Every entry that follows must be written out exactly, apart from its pictures.

---+---

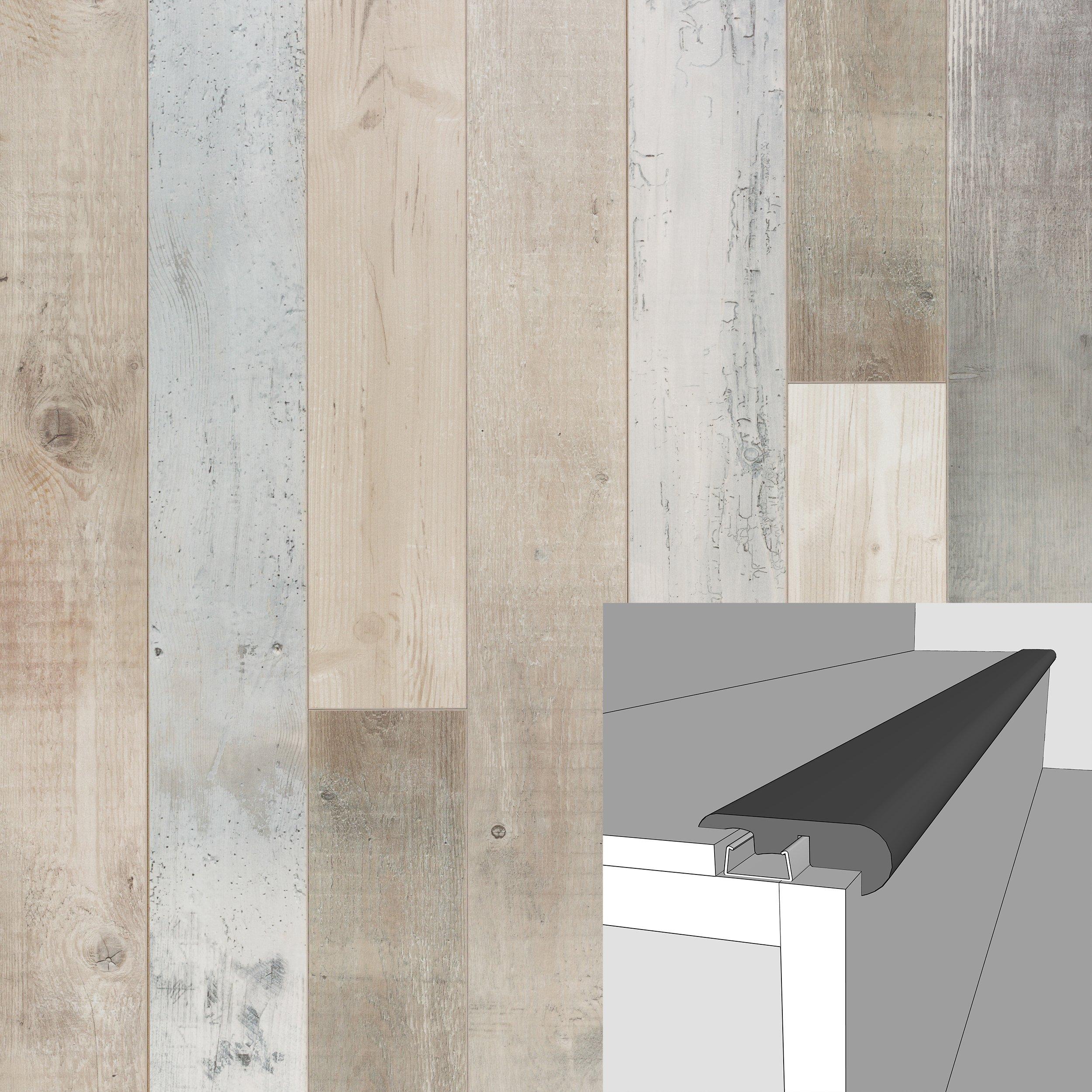 United States of AmericaFloor moldings, such as Seascape Mist Pine 94in. Laminate Overlapping Stair Nose, are a necessity to complete any flooring project. Whether you are transitioning between two rooms, or between two different types of flooring, floor moldings are key to finishing your floor with a great look!
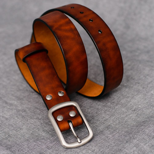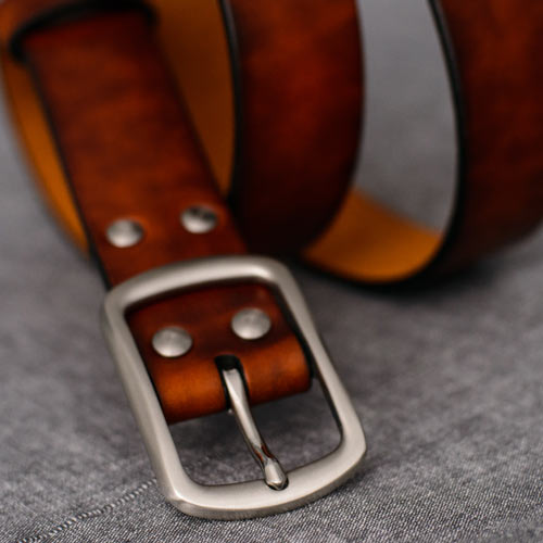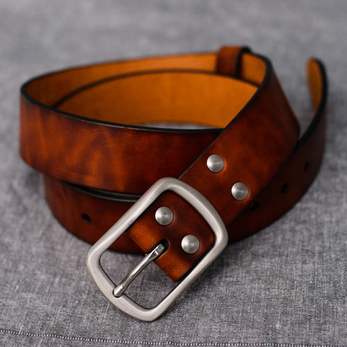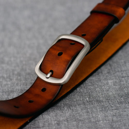 Плотная бычья кожа с природной фактурой. Цвет — ирландский рыжий с ручной винтажной тонировкой.
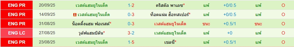 สถิติ 5 นัดหลังสุดของทั้ง 2 ทีม
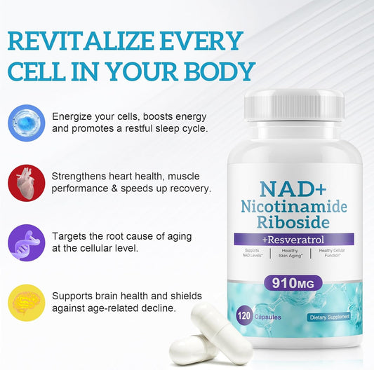 Liposomal NAD+ Supplement with Resveratrol 910mg - Supports Muscle, Brain, Energy - 120 Capsules for Men and Women
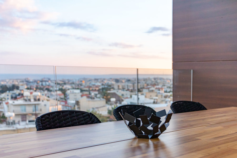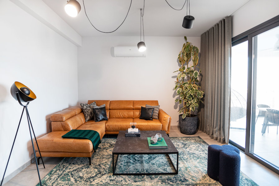 Located in an upcoming neighborhood of Limassol, this two-bedroom flat offers unobstructed views of the city’s skyline and the Mediterranean Sea. Inspired by the lofts in Soho and Brooklyn in New York, this flat’s interior can be easily described as sophisticated yet industrial, with luxurious finishes and materials.
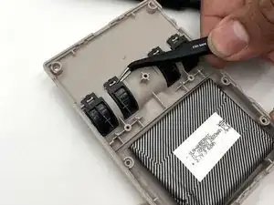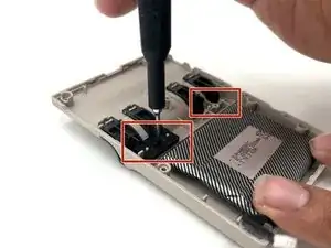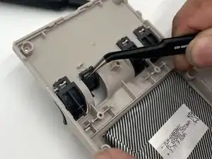 Удалите два винта Phillips размером 1 мм, которые крепят каждый из двух кронштейнов кнопок.

---+---

--- ANSWER SPACE ---
 United States of AmericaFloor moldings, such as Seascape Mist Pine 94in. Laminate Overlapping Stair Nose, are a necessity to complete any flooring project. Whether you are transitioning between two rooms, or between two different types of flooring, floor moldings are key to finishing your floor with a great look!
 Плотная бычья кожа с природной фактурой. Цвет — ирландский рыжий с ручной винтажной тонировкой.
 สถิติ 5 นัดหลังสุดของทั้ง 2 ทีม
 Liposomal NAD+ Supplement with Resveratrol 910mg - Supports Muscle, Brain, Energy - 120 Capsules for Men and Women
 Located in an upcoming neighborhood of Limassol, this two-bedroom flat offers unobstructed views of the city’s skyline and the Mediterranean Sea. Inspired by the lofts in Soho and Brooklyn in New York, this flat’s interior can be easily described as sophisticated yet industrial, with luxurious finishes and materials.
 Удалите два винта Phillips размером 1 мм, которые крепят каждый из двух кронштейнов кнопок.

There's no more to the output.